A lot faster than outside  ;D ;D

  • Super User
Posted

Dunno. Seasonally -it takes a full year!

I've been told (by Ralph Manns) that given enough food (for important fat reserves) females can make more eggs and spawn again. But the spawn period is a window that will pass. Bigger deeper waters with different basins of different depths can produce a long spawn period (lake-wide).

As to sexing bass; It's guesswork. Ralph Manns (a biologist specializing in bass) says that no one has found a consistent method. In general, females grow larger than males. Largest, but very rare, males have been known to hit 5lbs..  The only time you can really tell is around during the spawn: by behavior, when females are swollen with eggs in pre-spawn, and post-spawn when they are hollow bellied.

  • Super User
Posted

I'm not sure what the gestation period of a female bass is; maybe Raul our resident veterinarian can shed some light on this subject.

  • Super User
Posted

Males guard the bed.

So you probably saw a male guarding the bed.

  • Super User
Posted

I think I can handle the gestation period question. Fish don't really have an internal "gestation period" like mammals do. Fertilization occurs outside the body and embryo development rate is determined by temperature (eggs hatching in about a week in most circumstances).

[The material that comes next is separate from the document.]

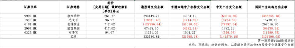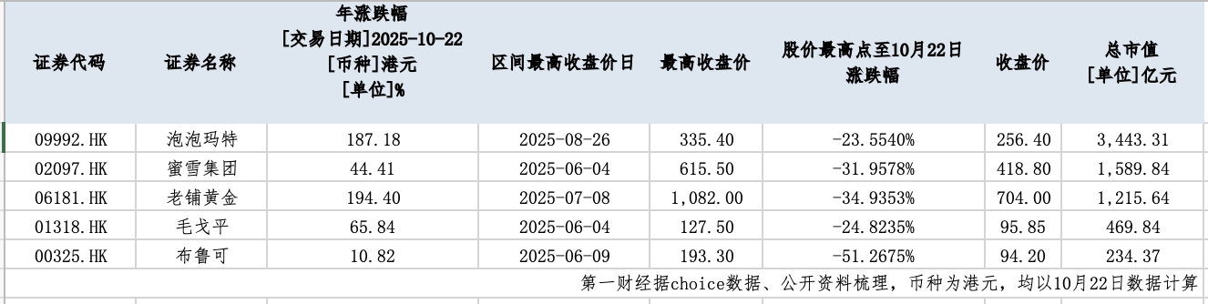 短短几个月时间,曾经风光无限的港股新消费板块,就从一路高歌猛进,走向了“杀估值”的急剧下跌。 10月23日,港股新消费板块持续走低,泡泡玛特(09992.HK)盘中一度跌近11%,最终报收232.4港元/股,跌幅9.36%,最新总市值为3121亿元;两只明星股古茗、蜜雪集团(02097.HK),也分别跌超6%、4%。 目前,泡泡玛特、老铺黄金(06181.HK)、蜜雪集团等明星股,较年内高点已普遍跌幅超20%,三大龙头市值蒸发超2800亿港元。泡泡玛特交出同比增长245%-250%的亮眼三季报后,股价仍连续下挫。 资金流向显示,南下资金虽然仍在流入,但香港本地、国际中介机构的资金,却出现一定程度撤离。 业内人士分析,增长见顶的担忧、商业模式的再审视,以及巨大的获利了结压力,共同构成了本轮调整的三重推手。在当前阶段,机构分歧正在加剧——是短暂回调还是叙事终结,将成为决定板块未来走势的关键。 三大龙头较年内高点蒸发2800亿港元 恒生指数持续震荡之际,年内表现一度领跑港股的新消费板块,近期遭遇集体重挫,多只明星股自年内高点大幅回落。 以潮玩龙头泡泡玛特为例,该股23日盘中跌超10%,最低下探至227.2港元/股,截至收盘下跌9.36%。若以8月26日的历史高点339.8港元计算,在不到两个月内累计跌幅已超过32%。该股在10月初经历短暂反弹后,近期已连续五个交易日收跌。 板块内其他个股同样走势疲软。老铺黄金自10月17日触及846港元/股的阶段高点后持续回落,截至10月23日已跌至692港元,区间跌幅超18%。自7月8日创下的1082港元历史高点以来,该股累计跌幅已超34.93%。蜜雪集团自6月4日冲到615港元的高点至今,回调幅度更超过31%。 此外,截至10月22日,毛戈平、布鲁可,也较年内高点分别下跌超24%、51%。 ![]() 股价大幅回调,使得新消费板块的明星股市值大幅缩水。截至10月23日,泡泡玛特市值自8月26日的4504亿港元高点缩水至3121亿港元;蜜雪集团市值从6月4日的2336亿港元跌落至1518亿港元,退出“2000亿俱乐部”;老铺黄金市值更从7月8日的1868亿港元骤减至1195亿港元。 按上述数据计算,截至10月23日收盘,三家明星股从年内高位合计蒸发市值超2800亿港元。 部分个股即使在业绩向好的背景下仍难挡跌势。10月21日,泡泡玛特在港交所公告,第三季度整体收益(未经审核)同比增长245%-250%,其中中国收益同比增长185%-190%,海外收益同比增长365%-370%。然而,这份亮眼的业绩公告并未提振市场信心,该股在公告后连续两个交易日大幅下跌。 背后推手是谁? 本轮港股新消费板块的调整,背后是资金结构与市场预期的共同转向。通过不同阶段的主力资金流向分析,可清晰看到推动行情演变的主要力量。 上半年的行情中,南下资金是做多港股新消费概念的主力资金。Wind数据显示,4月8日~6月9日,新消费板块中,南下资金和香港本地中介加仓63.7亿港元、4.9亿港元,国际中介和中资中介净流出6.4亿港元、43.9亿港元。 然而,这一格局在7月发生了明显变化。第一财经记者根据Wind数据估算,在7月2日至7月30日期间,南向资金转为净流出,而香港本地中介机构和中资中介则仍保持净流入状态。 近期资金流向揭示了内外资机构在新消费板块上的鲜明分歧。以持股数量变化*最新日成交均价估算,wind数据显示,尽管南下资金仍是做多主力,向5家概念股净流入33.37亿港元;但其他主要机构投资者均在撤退,中资、国际与香港本地中介分别净流出14.66亿港元、13.66亿港元和2.16亿港元。 ![]() 资金转向的背后,暗藏着市场对行业基本面的多重担忧。 增长可持续性首当其冲。以泡泡玛特为例,虽然该公司近期披露的三季报业绩亮眼,但晨星分析师Jeff Zhang指出,投资者担忧泡泡玛特收入增速或于今年见顶,明年起增长动能可能放缓。 第一财经观察发现,泡泡玛特多款热门IP,近期在二手市场上的价格较6月已有显著降低。一名机构人士说,有些机构内部确实会跟踪二手市场的行情。对一些依赖IP和粉丝经济的公司来说,二手价是判断产品真实需求和品牌溢价的试金石。说白了,如果连核心粉丝都不愿高价买了,机构对它的增长故事就会打上问号。但他也强调,这套方法并非绝对,“市场情绪和投机因素都会干扰价格,单凭这个指标做决策可能会误判。” 其次,市场正重新审视新消费企业的商业本质与定位匹配度。 以老铺黄金为例,业内担忧其实际经营模式与高端定位存在明显割裂。招股书显示,该公司产品外包生产比例从2021年的36%攀升至2023年的41%,而同期研发投入占比却从0.67%降至0.35%。虽然标榜奢侈品定位,但其产品价格却随金价频繁波动。 同样面临考验的还有蜜雪冰城,在产能利用率方面持续下滑。第一财经注意到,根据招股说明书,蜜雪集团主要食材的产能利用率整体较低且不断下行。例如,糖的产能利用率,2021年至2024年前三季度分别为58.7%、61.2%、42.2%、46.5%。奶的产能利用率也从2021年的83.1%,降低至2024年前三个月的52.3%。 此外,这些股票前期涨幅巨大,本身也积累了显著的获利了结压力。Choice数据显示,泡泡玛特、老铺黄金、蜜雪集团年内最大涨幅分别达310%、309%和112%。即便经历近期回调,截至10月22日,三者年内涨幅仍分别高达187%、194%和44%,部分投资者选择锁定收益,集中卖出进一步加剧了股价压力。 未来港股新消费概念股能否扭转当前颓势,重现往日高增长辉煌?目前市场观点呈现明显分歧。 招商证券在近期研报中指出,从半年报看,港股新消费板块正

Now egg maturation within the female, what Catt, and maybe Damien, is getting at , is a different thing. With spring spawners it begins the previous year, with immature eggs appearing in the ovaries in the autumn. They then develop slowly (in the south), or enter a nearly complete hiatus (in the north), during winter. In the late winter/early spring there is a surge of hormones coupled with increasing temperatures that bring on maturation.

Final timing is a combination of factors: An endogenous rhthym (internal clock; apparently set the previous year), temperature (known to be critical for egg survival), and other stuff I've listed in another recent post.

In the upper latitudes where I've fished and observed, calendar dates seem to be most useful, coupled with water temperature trends to fine tune by a week or so. The bulk of the spawn seems to be pretty consistent where I've fished, falling within a week (either side) of a specified week -i.e. I expect the Colorado spawn in my small shallow ponds to fall around the first of May. However, deeper (colder) waters fall later -as much as a month in the deepest ones.

Hope this helps.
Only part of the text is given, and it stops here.